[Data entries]

──────

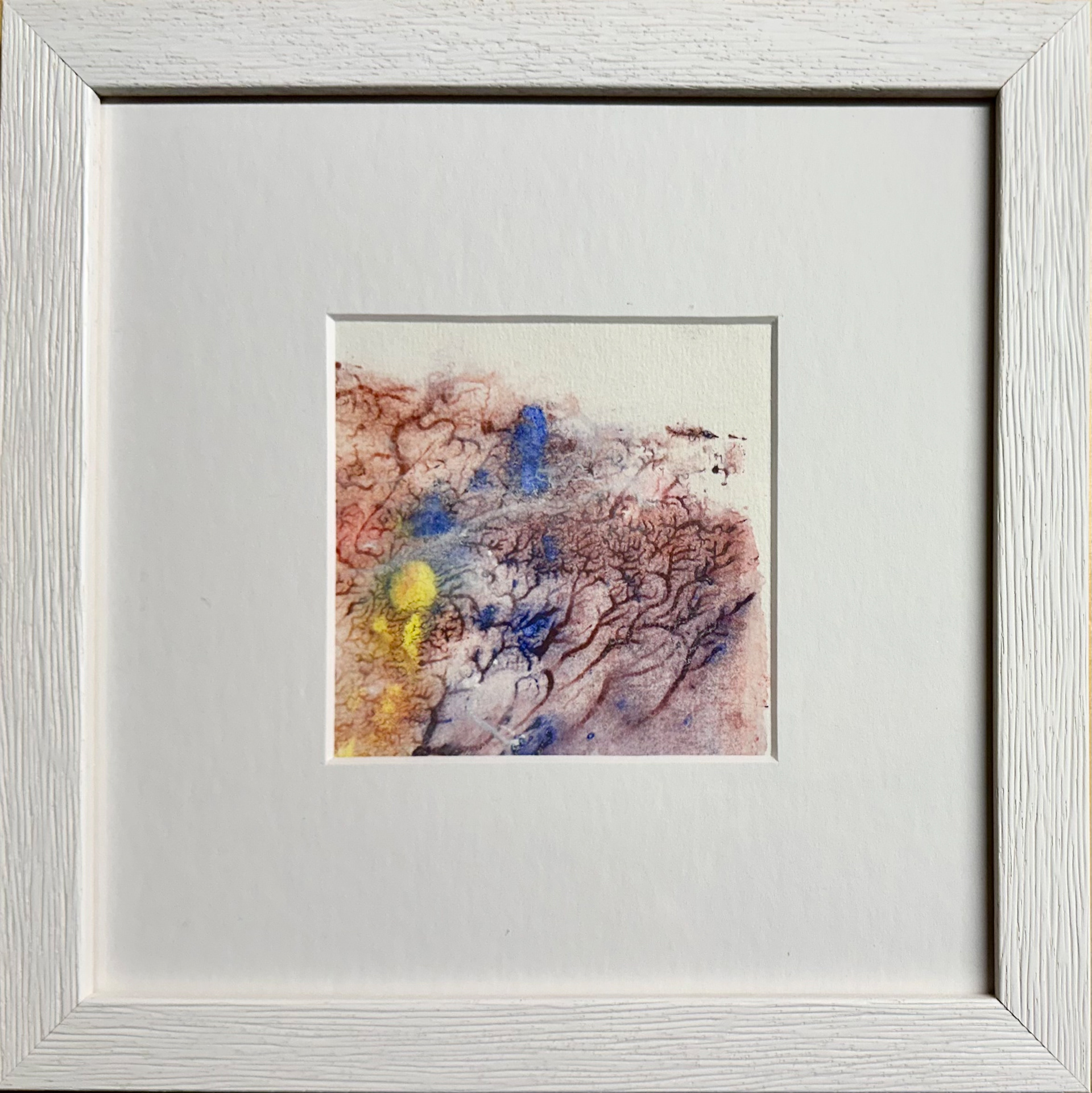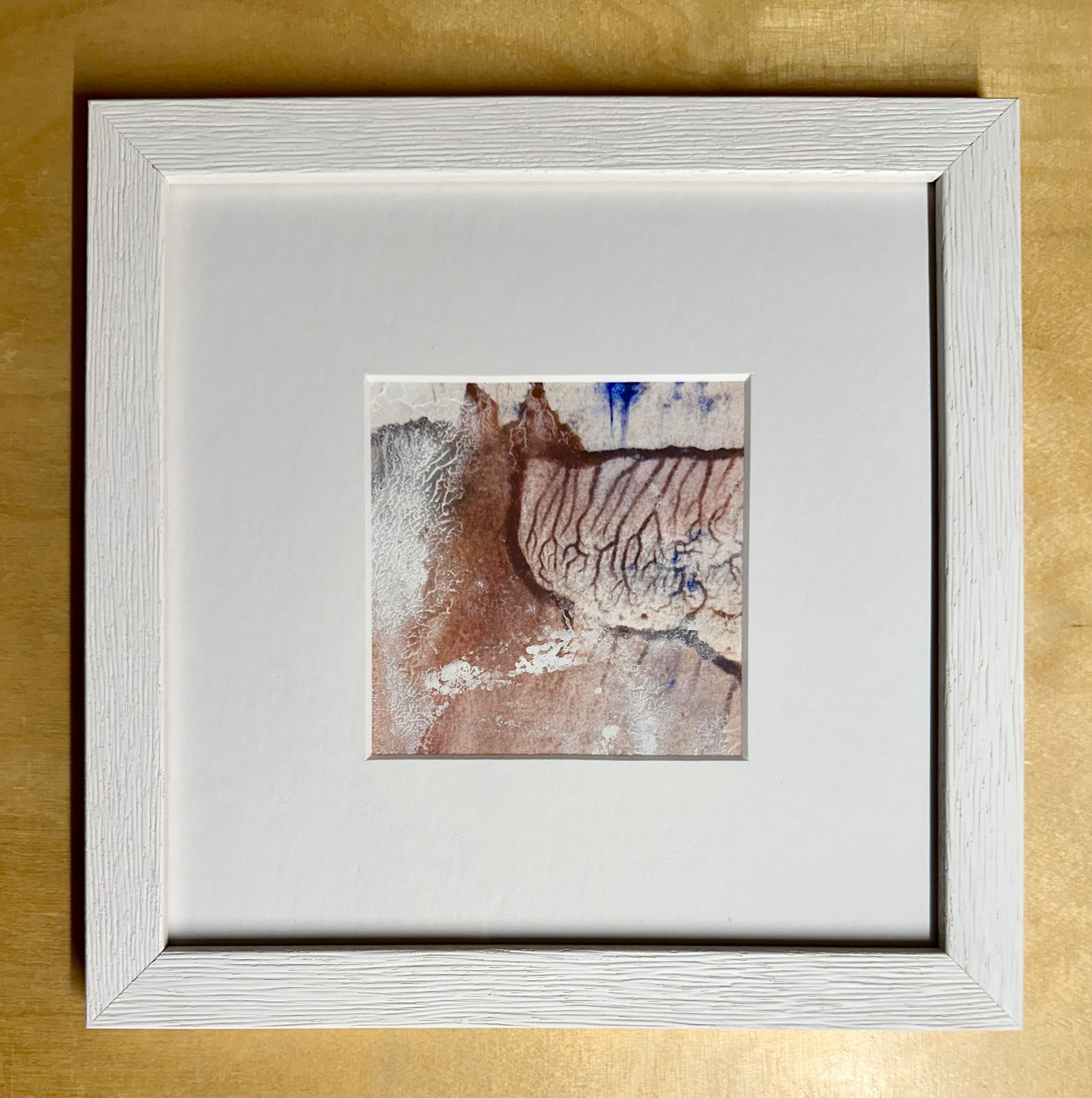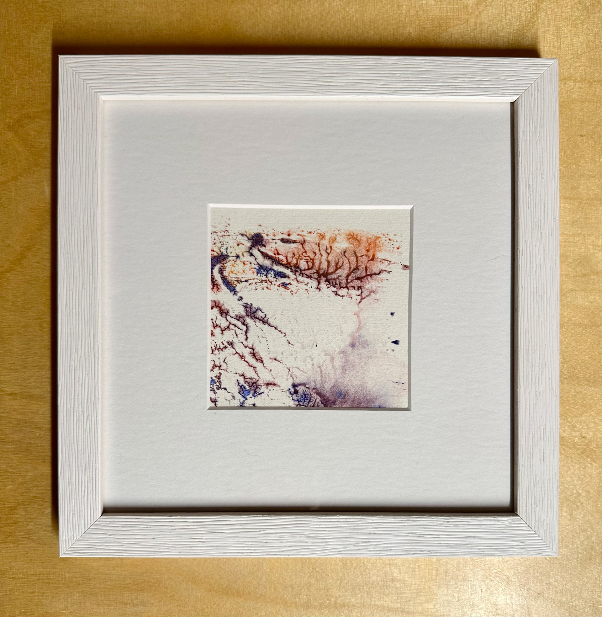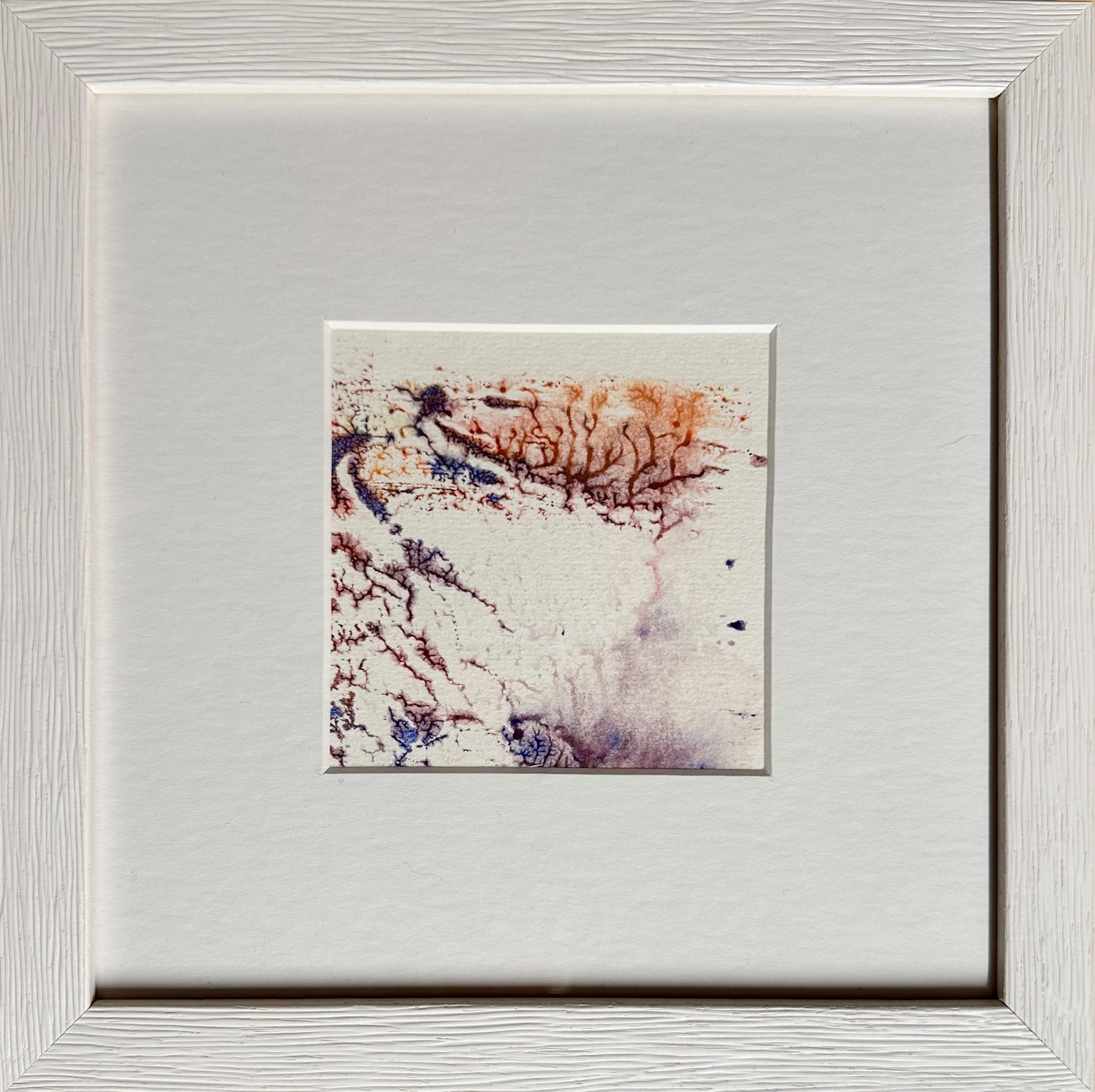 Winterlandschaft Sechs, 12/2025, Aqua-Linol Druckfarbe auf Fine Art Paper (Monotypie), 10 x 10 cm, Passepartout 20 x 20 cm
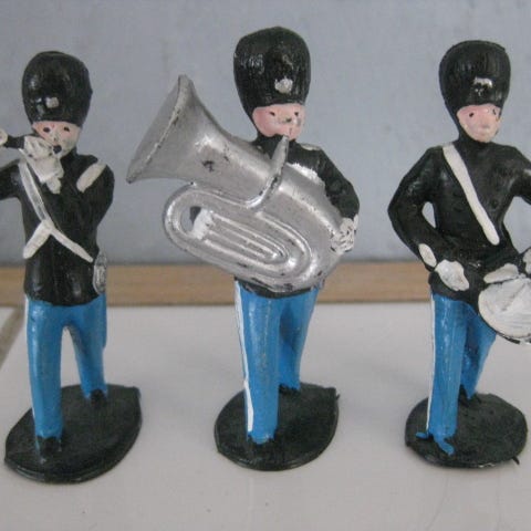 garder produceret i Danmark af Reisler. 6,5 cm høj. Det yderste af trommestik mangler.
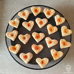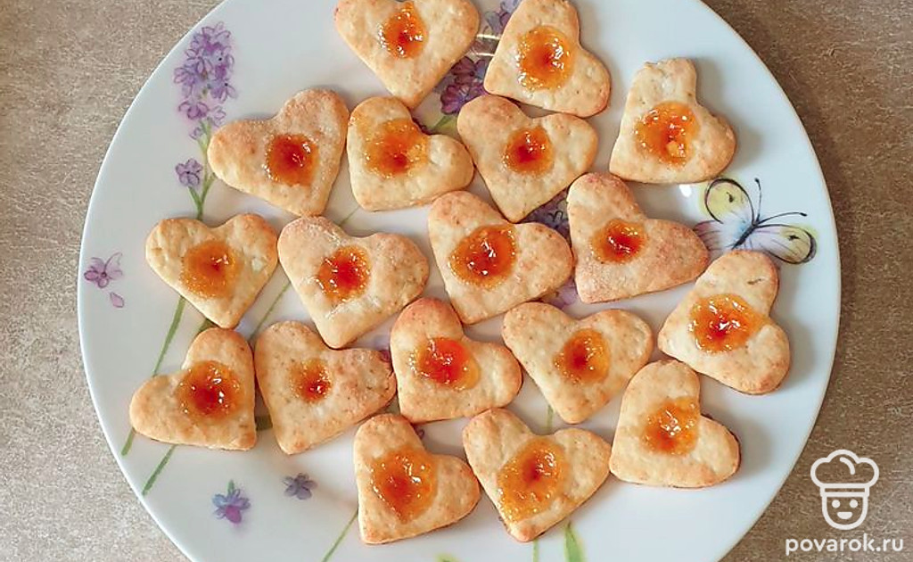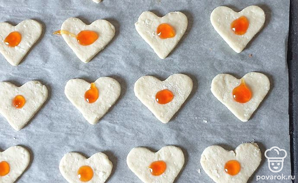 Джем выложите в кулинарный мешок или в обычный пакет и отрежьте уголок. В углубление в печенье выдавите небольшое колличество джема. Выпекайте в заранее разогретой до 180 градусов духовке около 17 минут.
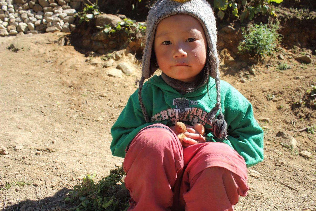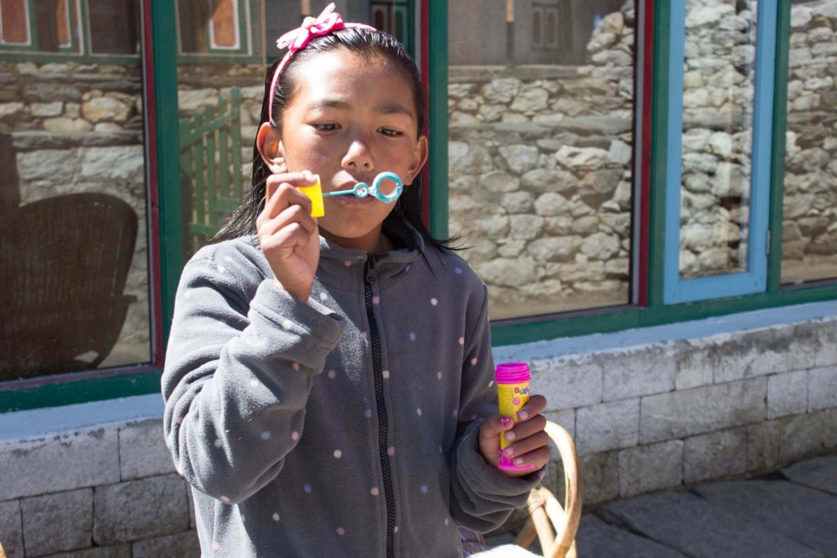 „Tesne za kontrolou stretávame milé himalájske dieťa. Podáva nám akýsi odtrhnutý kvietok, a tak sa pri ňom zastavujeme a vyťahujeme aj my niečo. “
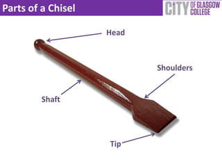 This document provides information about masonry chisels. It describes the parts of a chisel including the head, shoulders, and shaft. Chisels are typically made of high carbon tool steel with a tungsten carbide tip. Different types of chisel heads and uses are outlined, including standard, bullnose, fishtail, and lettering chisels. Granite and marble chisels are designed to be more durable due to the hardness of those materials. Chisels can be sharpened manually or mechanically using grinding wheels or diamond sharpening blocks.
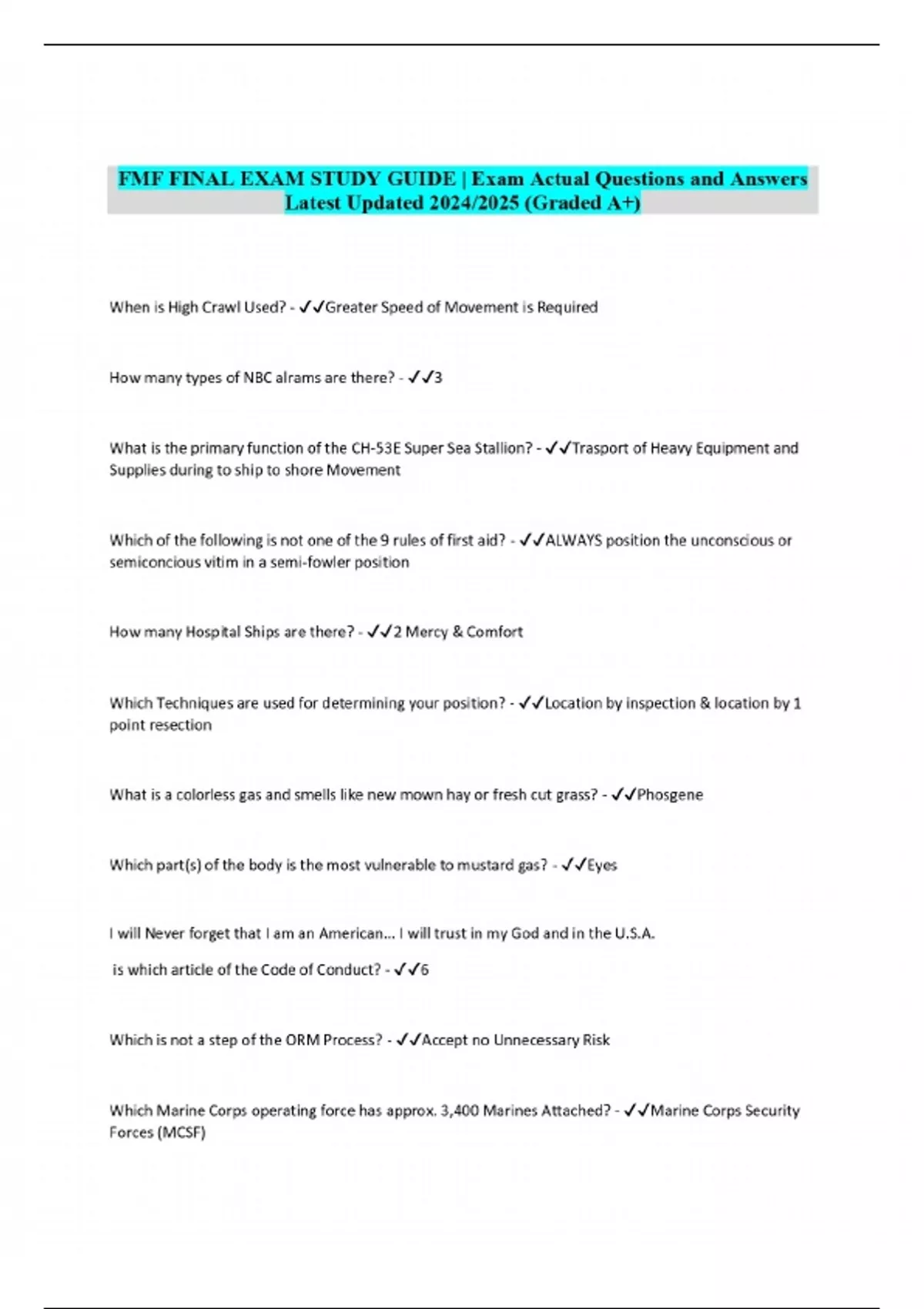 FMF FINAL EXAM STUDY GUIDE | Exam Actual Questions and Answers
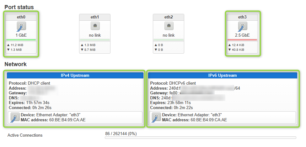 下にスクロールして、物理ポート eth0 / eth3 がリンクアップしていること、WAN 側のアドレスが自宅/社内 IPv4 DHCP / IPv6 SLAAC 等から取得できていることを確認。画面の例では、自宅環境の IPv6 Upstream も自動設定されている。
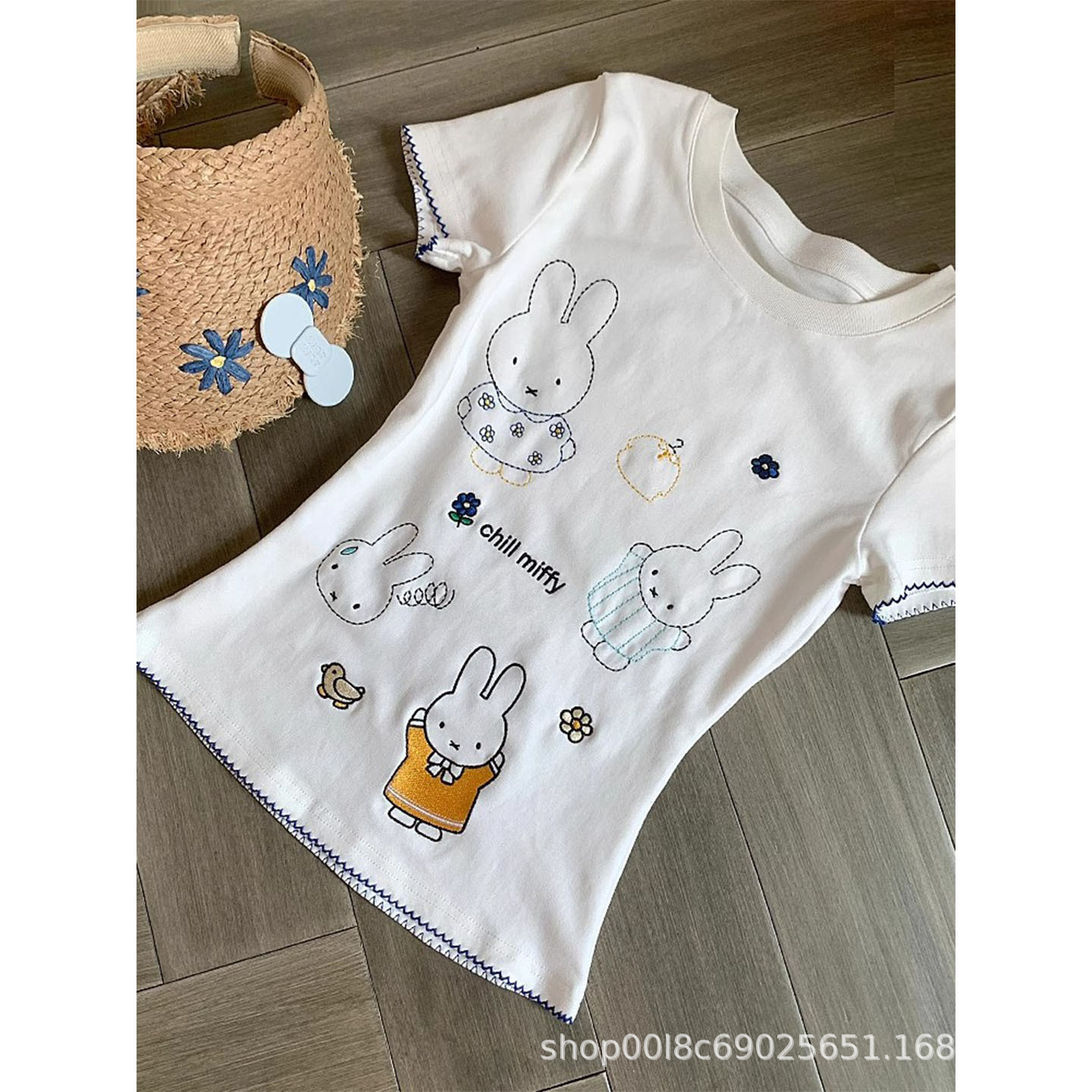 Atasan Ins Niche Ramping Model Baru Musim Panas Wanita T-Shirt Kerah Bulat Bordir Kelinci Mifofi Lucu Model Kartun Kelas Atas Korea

──────

Exercise brief — Please quote exactly the run of lines that starts the entries and ends at the line containing "FMF FINAL EXAM", leaving out every picture.

Expected output —
 Winterlandschaft Sechs, 12/2025, Aqua-Linol Druckfarbe auf Fine Art Paper (Monotypie), 10 x 10 cm, Passepartout 20 x 20 cm
 garder produceret i Danmark af Reisler. 6,5 cm høj. Det yderste af trommestik mangler.
 Джем выложите в кулинарный мешок или в обычный пакет и отрежьте уголок. В углубление в печенье выдавите небольшое колличество джема. Выпекайте в заранее разогретой до 180 градусов духовке около 17 минут.
 „Tesne za kontrolou stretávame milé himalájske dieťa. Podáva nám akýsi odtrhnutý kvietok, a tak sa pri ňom zastavujeme a vyťahujeme aj my niečo. “
 This document provides information about masonry chisels. It describes the parts of a chisel including the head, shoulders, and shaft. Chisels are typically made of high carbon tool steel with a tungsten carbide tip. Different types of chisel heads and uses are outlined, including standard, bullnose, fishtail, and lettering chisels. Granite and marble chisels are designed to be more durable due to the hardness of those materials. Chisels can be sharpened manually or mechanically using grinding wheels or diamond sharpening blocks.
 FMF FINAL EXAM STUDY GUIDE | Exam Actual Questions and Answers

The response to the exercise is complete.